February 20, 2006 ...But now I cannot express exactly what that connection is. That is why I have left this post as a draft for 2 1/2 months. I've been hoping it would come to me. And now I put it to you dear reader (should there be any of you) to leave a comment.
October 25, 2008 - More than two years later, in hopes that I can clarify the connections. Magritte means with his pipe and apple paintings that the painting is not real, it is an illusion. My students want so much to paint something that is 'real'. Until one understands that the 'realness' of something comes from another plane than that which makes the illusion of realness, one cannot hope to convey any kind of realness. Capture spirit and magic first because only that is truly real. I'm still not getting this in words. So be it.

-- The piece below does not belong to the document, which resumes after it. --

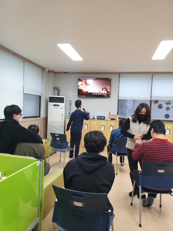 2월 노래교실 프로그램을 진행하여 다 함께 노래를 부르고 춤을 추면서 코로나 스트레스를 날려보냈습니다.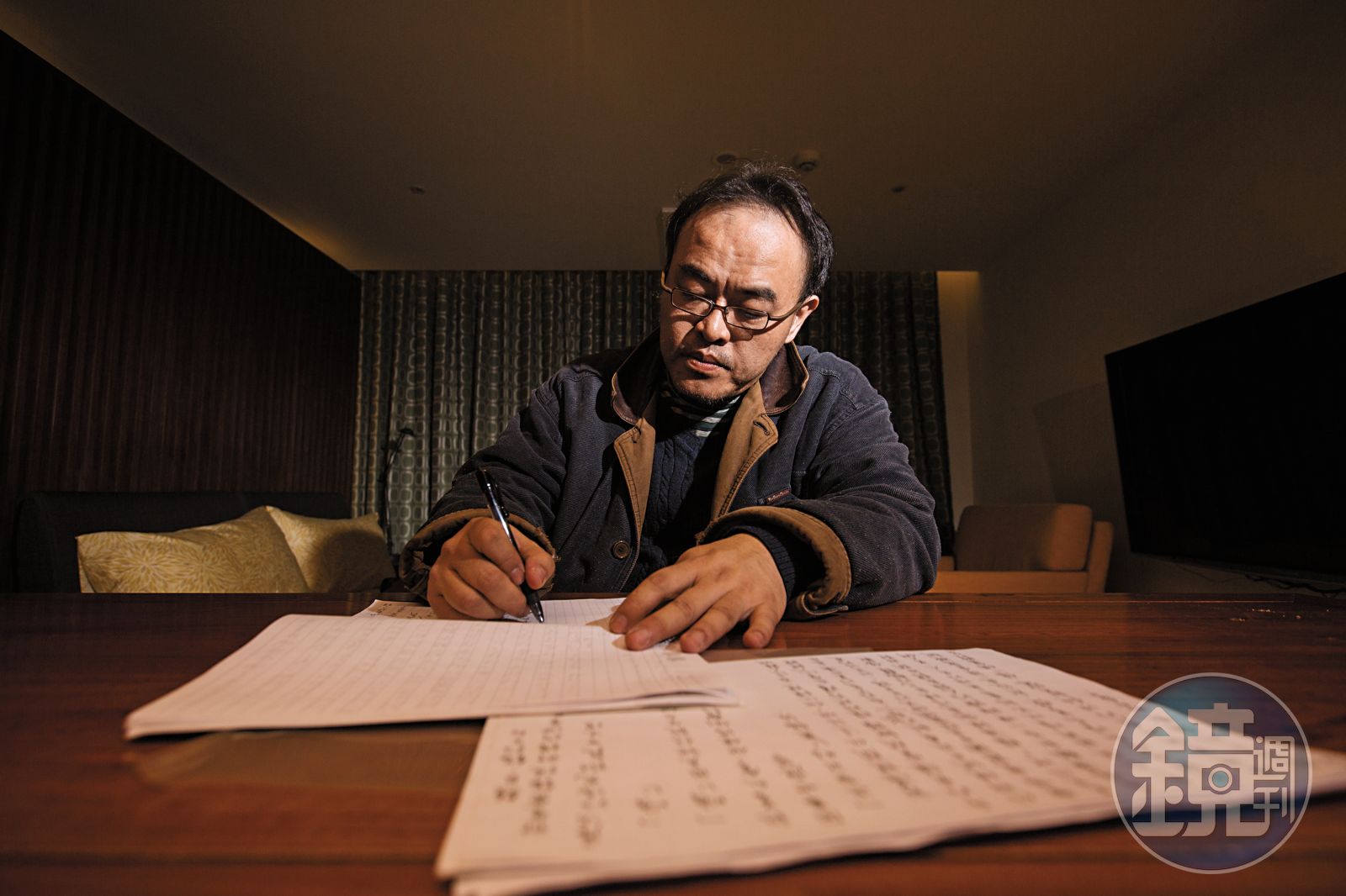 粗眉大眼的小說家駱以軍,難得走出永康街咖啡館,來到大樓林立的台北車站,參加本刊自製電視節目《鏡相人間》錄影。他一頭亂髮神情疲憊,走進地下室,發現攝影棚旁正好有房間,床鋪浴室書桌一應俱全,長期憂鬱失眠又暴食症纏身的他,昨晚依然沒睡好,「不好意思,我先睡一下,錄影要開始再叫我。」便在陌生的房間睡著了。

As for large figure paintings that I thought I'd be doing after the inspirations of Maureen Mullarkey - I am at least making large demonstration drawings for my weekly library drawing workshops for kids. The subject matter is often from the inner world of the imagination, so there is a bit of an outlet for that interest of mine. I want to go much more that way though. Let this be my declaration that I will take steps in that direction, small as they might be.
Today I set up at Owls Head Harbor just to do some drawing or ink wash painting. I started out hoping I could draw directly with brush and ink to make a line painting that could also be a coloring page. Instead I worked first doing a study in tonal grey wash. Then, still with a mind to making a coloring page drawing, I did a pencil tonal drawing. The pattern of negative shapes and shadows were so fascinating though that I didn't get to doing a linear image.
One thing I love when working at a working waterfront is to be able to hear the banter and stories of the guys on the dock. If I heard right, the lobster catch is finally starting to pick up.
I'm usually painting alone or in the company of students. This time I was painting in the vicinity of another artist. When I got out of the car to set up with my gear and put my stool down I was surprised by the sight of another painter down below me on the beach set up with easel and large canvas. It was very hard not to ply this fellow with questions about his story. I finally had to ask. "Are you part of a workshop, or here painting because you just do it?" We exchanged our brief painters' stories. You will enjoy the paintings of Colin Page at colinpagepaintings.com.